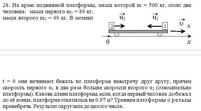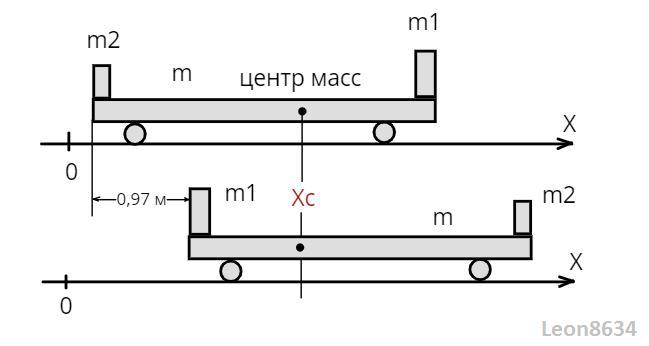 Центра масс самой тележки находится строго по её центру, а центр масс тележки с людьми оказывается смещенным относительно ее центра на метра в сторону более тяжелого человека. Если через центр масс системы пропустить ось вращения и приподнять, то она останется в покое, запишем правило моментов для этого случая, обозначив длину тележки за L
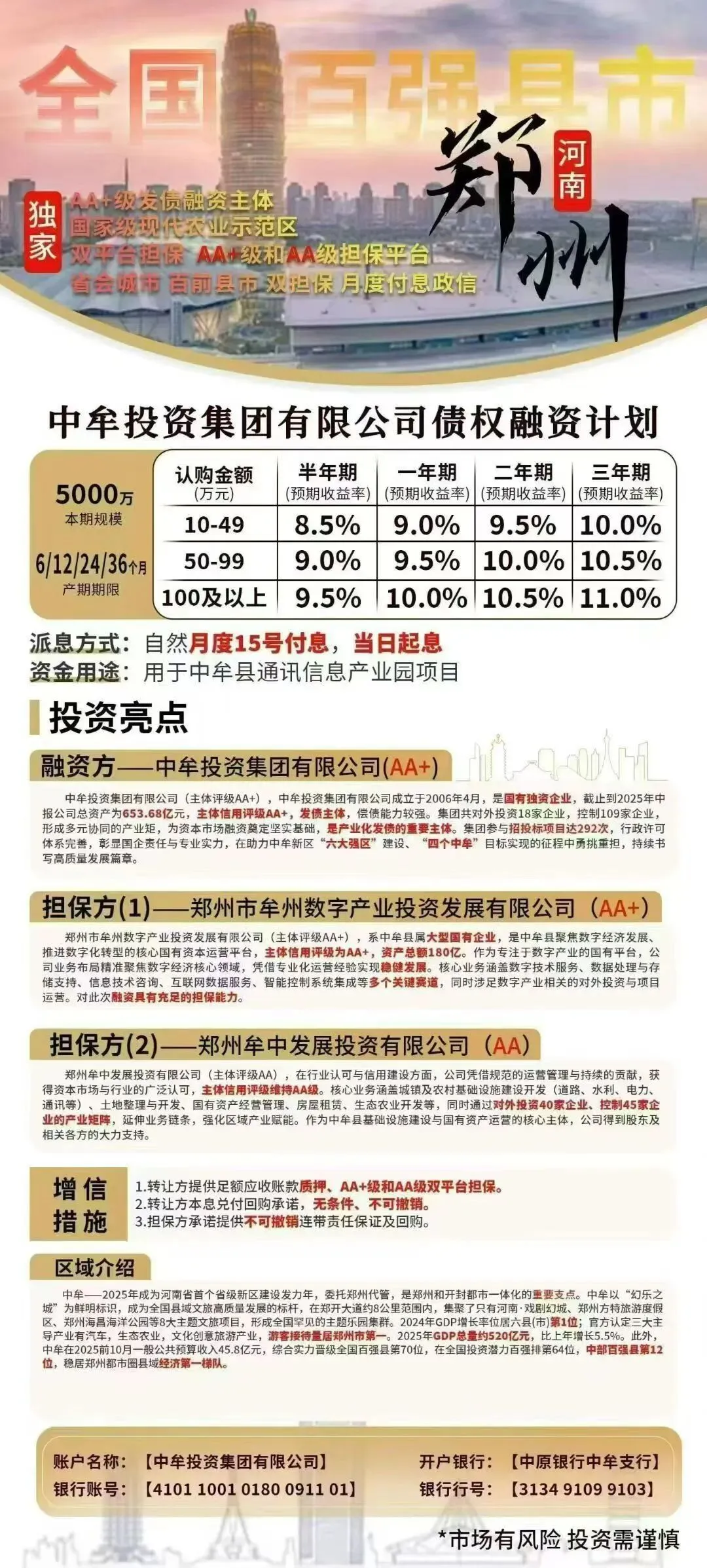 💰资金用途: 用于中牟县通讯信息产业园项目
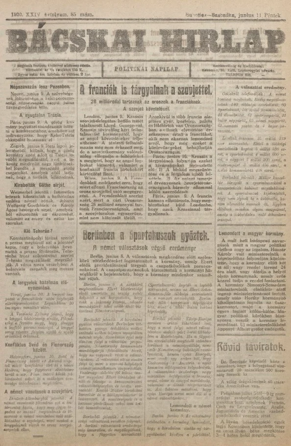 Bácskai Hirlap, 24. évf. 1920. június 11. 85. sz.

Exercise | From the first line to the last, output the data exactly, without the pictures.

Answer area |
 Центра масс самой тележки находится строго по её центру, а центр масс тележки с людьми оказывается смещенным относительно ее центра на метра в сторону более тяжелого человека. Если через центр масс системы пропустить ось вращения и приподнять, то она останется в покое, запишем правило моментов для этого случая, обозначив длину тележки за L
 💰资金用途: 用于中牟县通讯信息产业园项目
 Bácskai Hirlap, 24. évf. 1920. június 11. 85. sz.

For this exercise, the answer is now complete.